=== Section Start ===

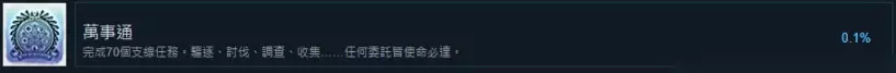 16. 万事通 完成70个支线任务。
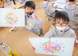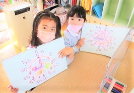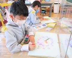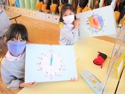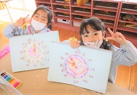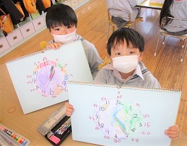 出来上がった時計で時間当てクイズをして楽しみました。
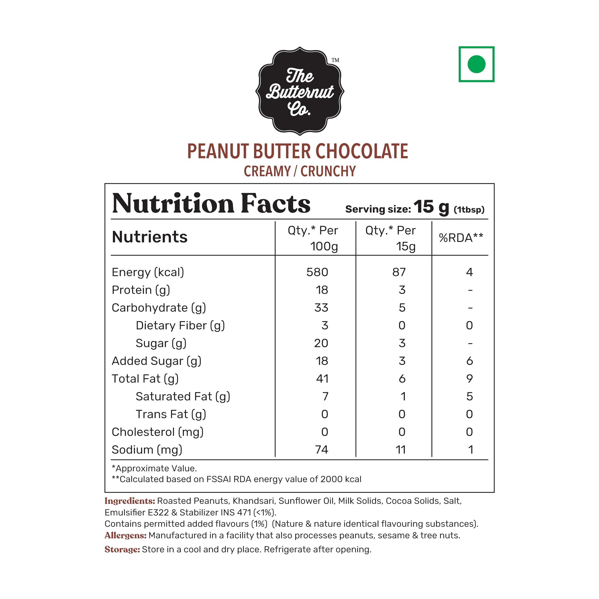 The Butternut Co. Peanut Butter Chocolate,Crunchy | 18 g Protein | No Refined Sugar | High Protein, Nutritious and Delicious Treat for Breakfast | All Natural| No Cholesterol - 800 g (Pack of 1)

=== Section End ===
=== Section Start ===

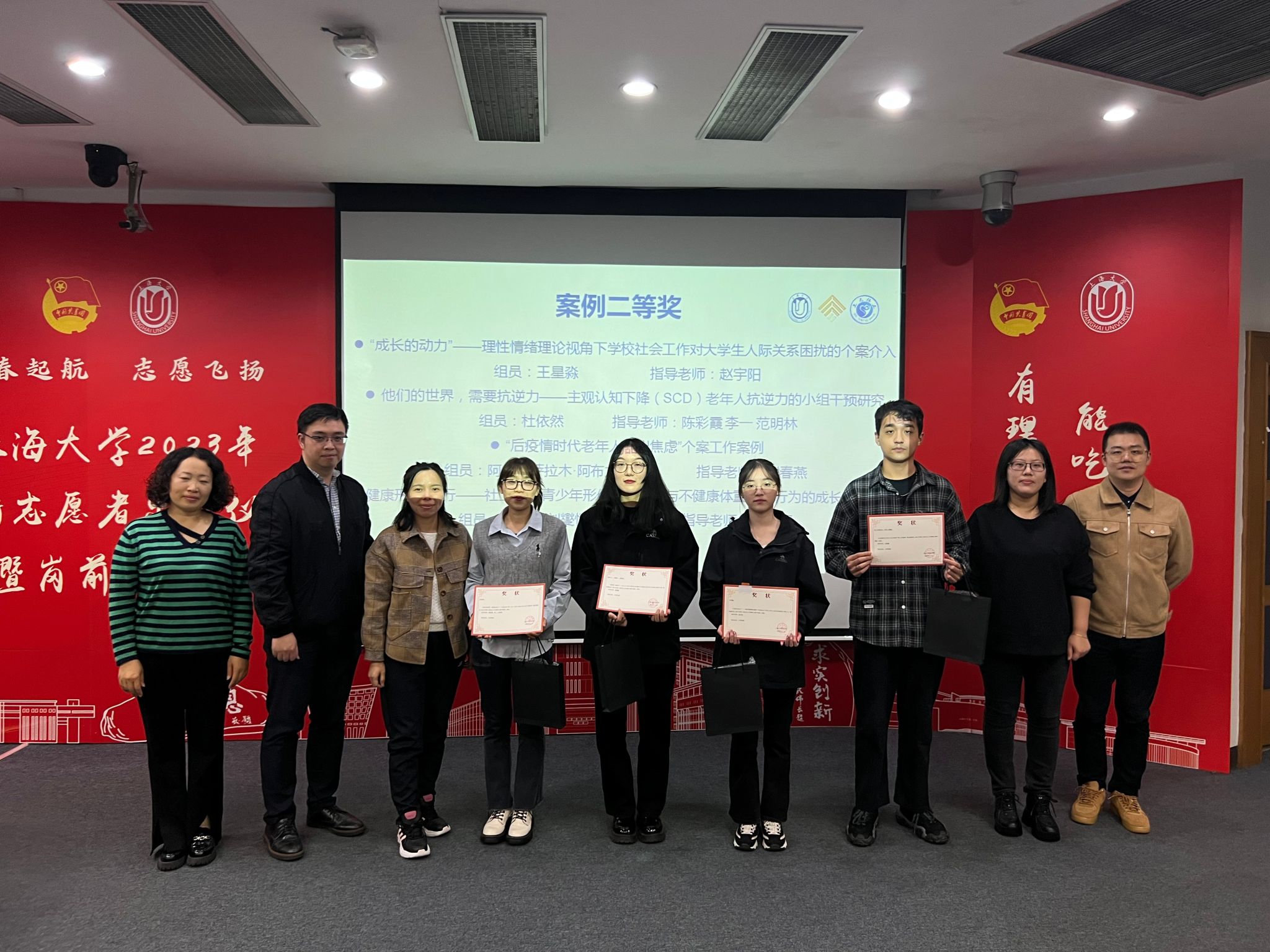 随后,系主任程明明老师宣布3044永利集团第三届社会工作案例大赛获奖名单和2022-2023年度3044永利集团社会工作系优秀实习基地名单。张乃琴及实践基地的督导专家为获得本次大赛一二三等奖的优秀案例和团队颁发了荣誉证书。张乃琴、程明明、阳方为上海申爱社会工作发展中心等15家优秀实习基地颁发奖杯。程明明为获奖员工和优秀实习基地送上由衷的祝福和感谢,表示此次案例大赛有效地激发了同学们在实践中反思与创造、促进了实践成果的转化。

=== Section End ===

▶ **TASK STATEMENT**
Within the material above, only the stretch from the line holding "16. 万事通 完成70个支线任务。" through the line holding "The Butternut Co." is to be restated exactly. Pictures are dropped.

▶ **EXERCISE RESULT**
 16. 万事通 完成70个支线任务。
 出来上がった時計で時間当てクイズをして楽しみました。
 The Butternut Co. Peanut Butter Chocolate,Crunchy | 18 g Protein | No Refined Sugar | High Protein, Nutritious and Delicious Treat for Breakfast | All Natural| No Cholesterol - 800 g (Pack of 1)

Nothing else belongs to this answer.